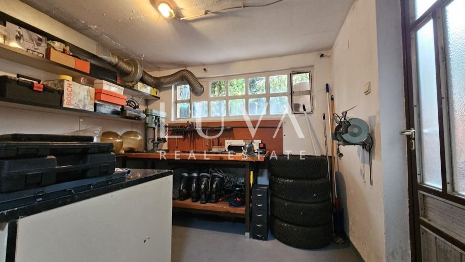 Podrum: četiri prostorije + kupaonica, dvije prostorije korištene su kao spremište dok je jedna prenamijenjena u mali poslovni prostor, a jedna je u funkciji radionice.
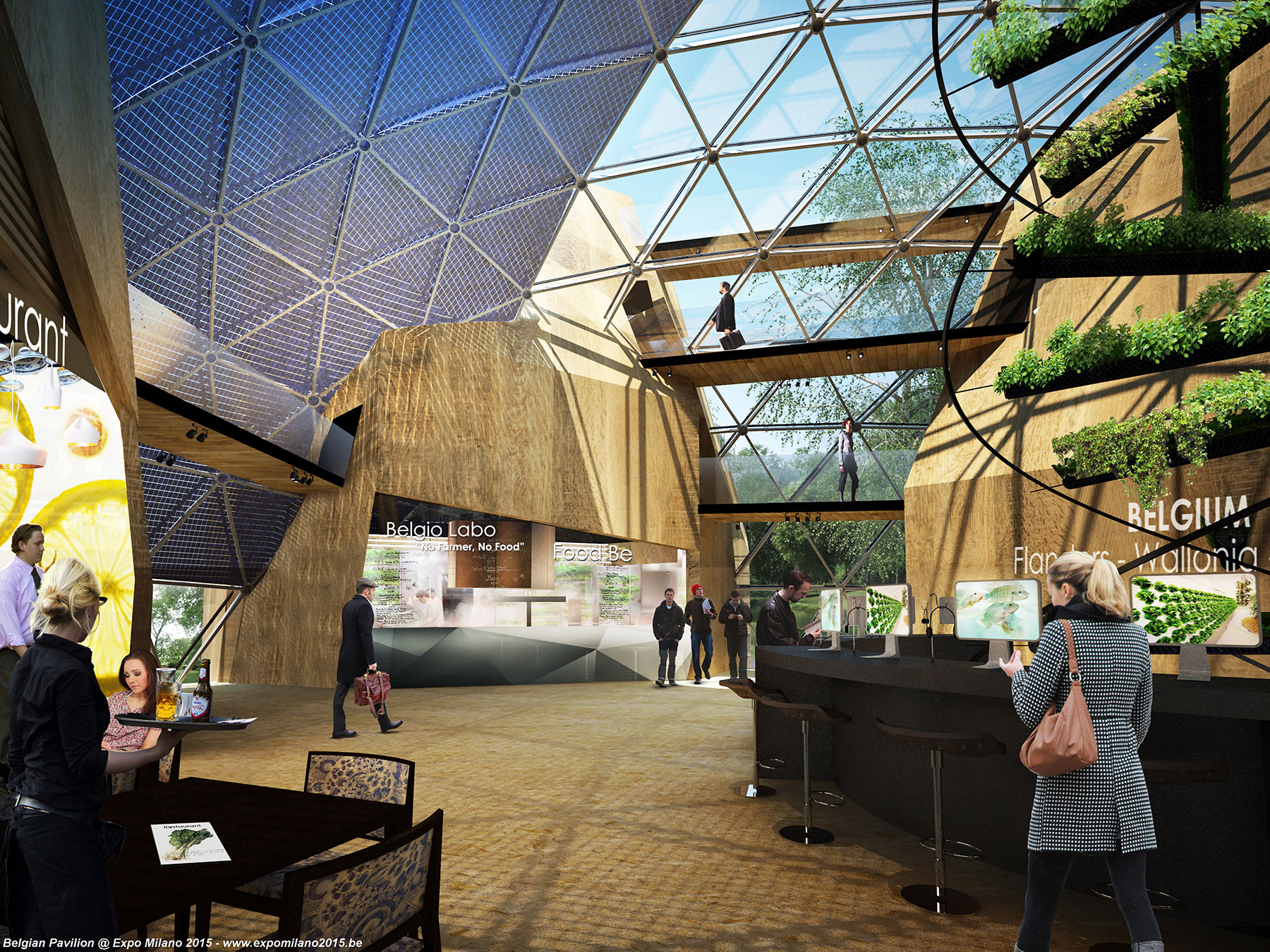Dekoratívne sklo AGC Glass Europe sa ukázalo byť populárnou voľbou pre deliace priečky vo vnútri pavilónov. V belgickom pavilóne sa môžu návštevníci v priestoroch venovaných belgickým špecialitám zapojiť do ukážok kuchárskeho umenia predvádzaných ocenenými belgickými šéfkuchármi. Hi-tech sklenené deliace prepážky v kulinárskej časti sú vlastne 100 m2 číreho AntiBakteriálnehoTM skla (Planibel AB) alebo bieleho lakovaného skla (Lacobel AB). Táto patentovaná technológia, ktorá spočíva v difúzii strieborných iontov do vonkajších vrstiev skla, eliminuje 99,9 % povrchových baktérií, čo je zásadné pre priestory, v ktorých sa denne spracúvajú čerstvé potraviny! V japonskom pavilóne bolo na 150 m2 priečok použitých kaliteľné lakované sklo Lacobel T Crisp White.
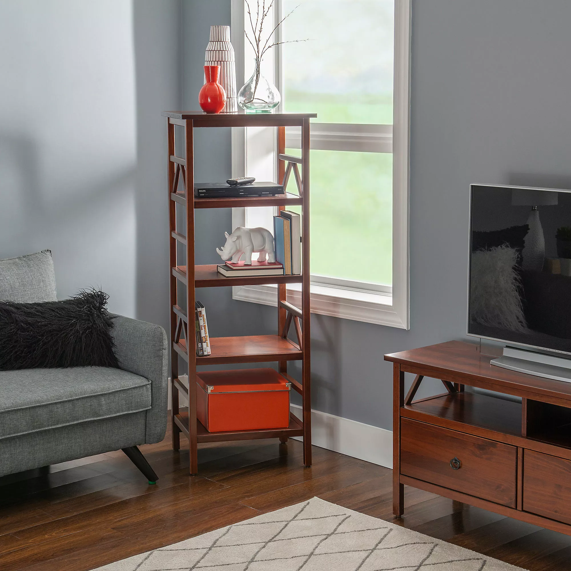 Our Torridon Collection has a simple yet eye-catching design that is matched with incredible durability. The TV Tower features four shelves that provide ample storage and display space. A neutral, classic Tobacco finish allows this piece to easily complement your homes decor.
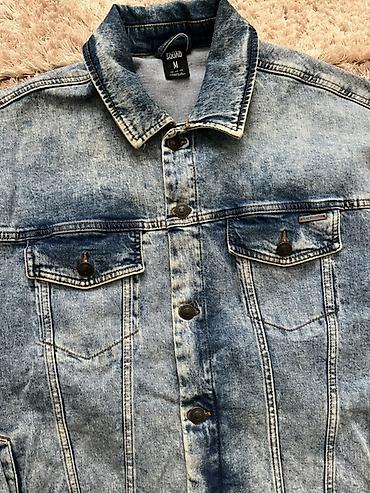 M razmer cins gödəkçə. Detallar: - Ön hissədə düyməli bağlanma - Çoxsaylı ciblər: iki böyük yan cib, qapaqlı sinə cibləri - Üzərində dekorativ yamaq və nişanlar - Klassik mavi yuyulmuş denim parça...

---+---

# EXERCISE PROMPT:
None of the pictures should be carried over when the data above is transcribed exactly.

# OUTPUT FOR THIS EXERCISE:
 Podrum: četiri prostorije + kupaonica, dvije prostorije korištene su kao spremište dok je jedna prenamijenjena u mali poslovni prostor, a jedna je u funkciji radionice.
Dekoratívne sklo AGC Glass Europe sa ukázalo byť populárnou voľbou pre deliace priečky vo vnútri pavilónov. V belgickom pavilóne sa môžu návštevníci v priestoroch venovaných belgickým špecialitám zapojiť do ukážok kuchárskeho umenia predvádzaných ocenenými belgickými šéfkuchármi. Hi-tech sklenené deliace prepážky v kulinárskej časti sú vlastne 100 m2 číreho AntiBakteriálnehoTM skla (Planibel AB) alebo bieleho lakovaného skla (Lacobel AB). Táto patentovaná technológia, ktorá spočíva v difúzii strieborných iontov do vonkajších vrstiev skla, eliminuje 99,9 % povrchových baktérií, čo je zásadné pre priestory, v ktorých sa denne spracúvajú čerstvé potraviny! V japonskom pavilóne bolo na 150 m2 priečok použitých kaliteľné lakované sklo Lacobel T Crisp White.
 Our Torridon Collection has a simple yet eye-catching design that is matched with incredible durability. The TV Tower features four shelves that provide ample storage and display space. A neutral, classic Tobacco finish allows this piece to easily complement your homes decor.
 M razmer cins gödəkçə. Detallar: - Ön hissədə düyməli bağlanma - Çoxsaylı ciblər: iki böyük yan cib, qapaqlı sinə cibləri - Üzərində dekorativ yamaq və nişanlar - Klassik mavi yuyulmuş denim parça...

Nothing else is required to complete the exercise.